Isu kedua adalah independensi bank sentral, yakni prinsip bahwa kebijakan moneter bebas dari intervensi kepentingan politik jangka pendek. Sejumlah ekonom mengingatkan, siapa pun pemimpinnya, BI harus tetap berpegang pada mandat menjaga stabilitas nilai rupiah. Ekspektasi pemangkasan suku bunga yang terlalu agresif demi mengejar pertumbuhan dapat memperlebar selisih imbal hasil (yield differential) dengan Amerika Serikat, yang berpotensi menekan portofolio asing di pasar Surat Berharga Negara. Kepemilikan asing di instrumen tersebut berada di kisaran 14 persen dari total yang beredar, sehingga sensitivitas terhadap sentimen pasar global relatif tinggi.

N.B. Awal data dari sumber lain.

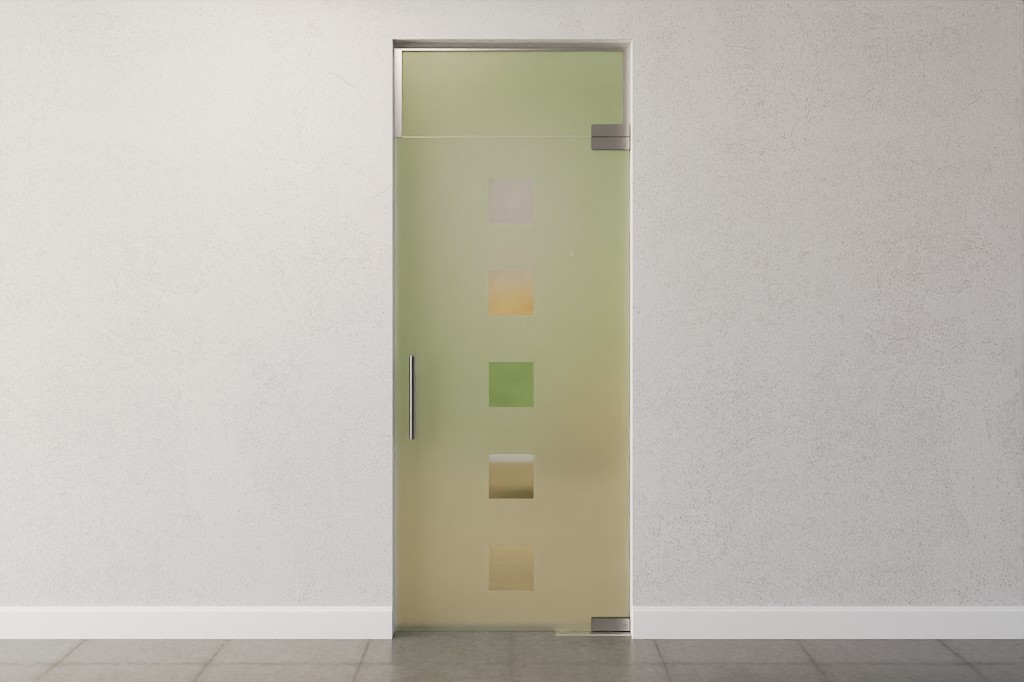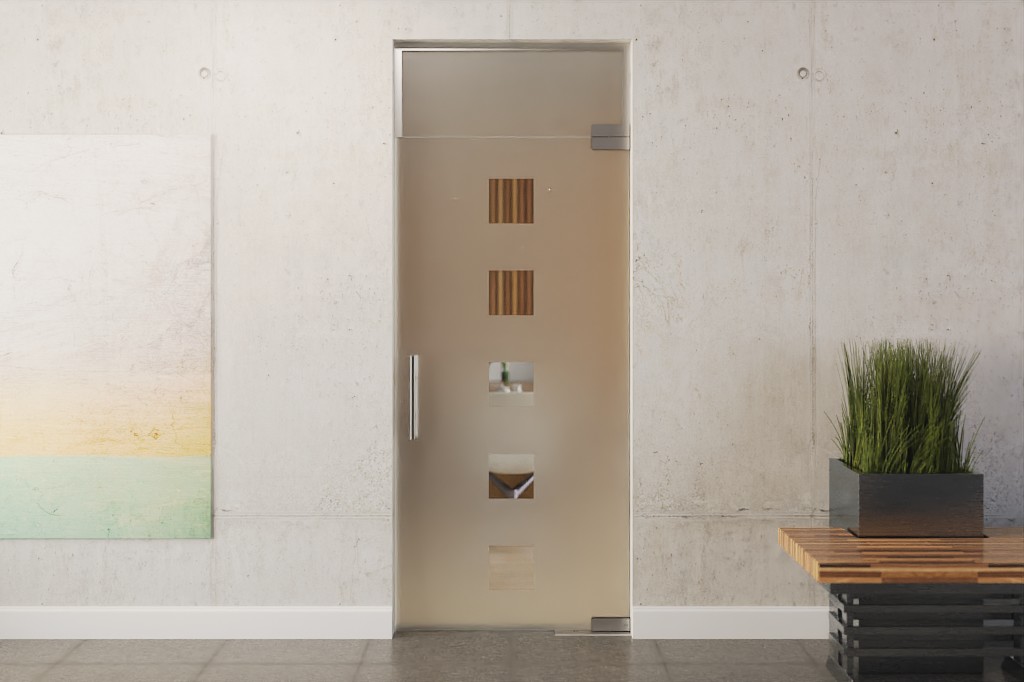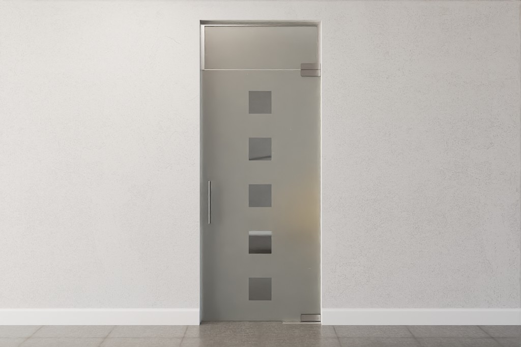 Pięć kwadratów z szkła przezroczystego stylowo wyróżnia się na klasycznym, matowym szkle. Są one rozmieszczone w równych odstępach pośrodku skrzydła drzwiowego.

Proyeksi: Tiga Hal yang Akan Dicermati Pasar
Ke depan, setidaknya ada tiga hal yang menjadi fokus pelaku pasar. Pertama, arah suku bunga acuan: apakah tren pelonggaran berlanjut atau tertahan oleh tekanan rupiah. Kedua, konsistensi kerangka penargetan inflasi (inflation targeting) sebagai jangkar kebijakan yang selama ini menjadi sumber kredibilitas BI. Ketiga, kualitas koordinasi fiskal-moneter dengan pemerintah, mengingat target pertumbuhan yang ambisius membutuhkan dukungan likuiditas tanpa mengorbankan stabilitas harga.
Pada akhirnya, pencalonan Destry Damayanti sebagai calon tunggal Gubernur BI menyimpan dua sisi yang sama-sama layak dicermati. Di satu sisi, pengalaman dan kontinuitas menjadi modal menjaga kepercayaan pasar. Di sisi lain, penguatan tata kelola dan independensi tetap menjadi prasyarat agar fundamental ekonomi Indonesia — dengan produk domestik bruto di atas USD1,4 triliun — tetap kokoh menghadapi gejolak global. Proses uji kelayakan di DPR akan menjadi panggung pembuktian berikutnya.